BRASIL E MUNDO — Abertura

Olha só que espetáculo curioso da nossa aristocracia estatal em Brasília: até o Fachin resolveu criar coragem para discordar abertamente do todo-poderoso Alexandre de Moraes.

O motivo? Moraes avançou sem pudor contra a liberdade de imprensa e o sigilo de fonte no caso de um jornalista. Parece que a tirania das decisões monocráticas finalmente começou a incomodar a própria cúpula do Olimpo judiciário.

BRASIL E MUNDO — Desenvolvimento

Vamos aos fatos desse absurdo burocrático. O Alexandre de Moraes autorizou mandados de busca e apreensão contra Raimundo Cotrim, ex-secretário de segurança do Maranhão, apontado como a tal fonte do jornalista Luiz Pablo. O 'crime' investigado? Reportagens que escancararam o uso privilegiado de uma picape SW4 blindada do Tribunal de Justiça do Maranhão pela família do ministro Flávio Dino. É isso mesmo: a máquina pública servindo de segurança privada para parente de iluminado, e quando alguém expõe a mamata, o Estado usa o seu monopólio da violência para perseguir quem vazou a verdade.

Perceba como funciona o incentivo perverso da burocracia estatal. O Dino usava o carro oficial de forma totalmente irregular. Quando a imprensa pegou a turma com a boca na botija, o que o STF fez? Correu para fazer a requisição formal de um carro de segurança para a família dele depois do escândalo! É idêntico àquele famoso contrato de propina que só vira 'empréstimo' se a polícia descobre. Se ninguém descobre, é regalia oculta bancada com o dinheiro do seu imposto roubado.

Aí entra a figura do Xandão. Para proteger os pares da casta, o sujeito ignora o devido processo legal e ataca diretamente a fonte do jornalista. A mensagem que o Estado envia para a sociedade é devastadora: se você ousar denunciar a podridão dos parasitas de Brasília, a polícia bate na sua porta, apreende seu celular e devassa a sua vida. Qualquer ditadorzinho de plantão inventa uma 'suspeita de crime' genérica para derrubar o sigilo da fonte e calar a oposição. É o truque mais velho do autoritarismo.

E é aí que surge a faísca no tribunal. O ministro Fachin veio a público defender a jurisprudência do STF sobre a proteção da imprensa e o sigilo de fonte, indicando que quer levar essa decisão arbitrária do Moraes para o julgamento dos outros ministros no plenário. É claro que o Fachin não virou um libertário defensor dos direitos individuais da noite para o dia. Ele inclusive fez questão de prestar a tradicional solidariedade corporativista ao Flávio Dino na mesma sessão. O sistema nunca entrega os seus totalmente.

Mas o simples fato de surgir uma rachadura pública no tribunal expõe uma verdade incômoda para eles: a elite aristocrática de Brasília já percebeu o tamanho do perigo. Eles aplaudiram todas as loucuras e arroubos autoritários do Moraes enquanto o alvo eram os adversários políticos do momento. Só que a arrogância do tirano monocrático é insaciável. Uma hora, o burocrata descontrolado toma uma medida tão desproporcional que ameaça queimar o circo inteiro e prejudicar a própria imagem da corte.

Quando o Judiciário atua de forma monolítica contra o cidadão, a tirania é absoluta e implacável. Mas quando os próprios parasitas começam a se bicar no topo da pirâmide, abre-se uma brecha para a sociedade enxergar a podridão.
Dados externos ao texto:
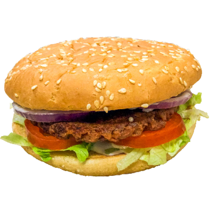Pihvi, raikas salaatti, tuoretta tomaattia ja maistuva majoneesi muhkean hampurilaissämpylän välissä.

O corporativismo daquela turma é gigantesco, e eu não duvido nada que o plenário passe pano no final para não enfraquecer o imperador de plantão. Afinal, eles temem que o controle fuja das mãos. Mas o desconforto e o medo nos corredores de Brasília já são visíveis e inegáveis.

A burocracia estatal vive da ilusão de que pode controlar a informação, manipular a narrativa e punir qualquer um que revele os podres do poder. Eles odeiam a descentralização, odeiam a imprensa livre e detestam o indivíduo que questiona para onde vai cada centavo tirado à força do seu bolso sob a justificativa esfarrapada da lei.

BRASIL E MUNDO — Fechamento

Enquanto os ministros trocam farpas no plenário para decidir quem manda mais na estrutura coercitiva do país, você continua bancando a conta dos luxos, dos privilégios e das picapes blindadas da elite aristocrática. Até quando você vai continuar esperando justiça de uma quadrilha que só existe para proteger a si mesma?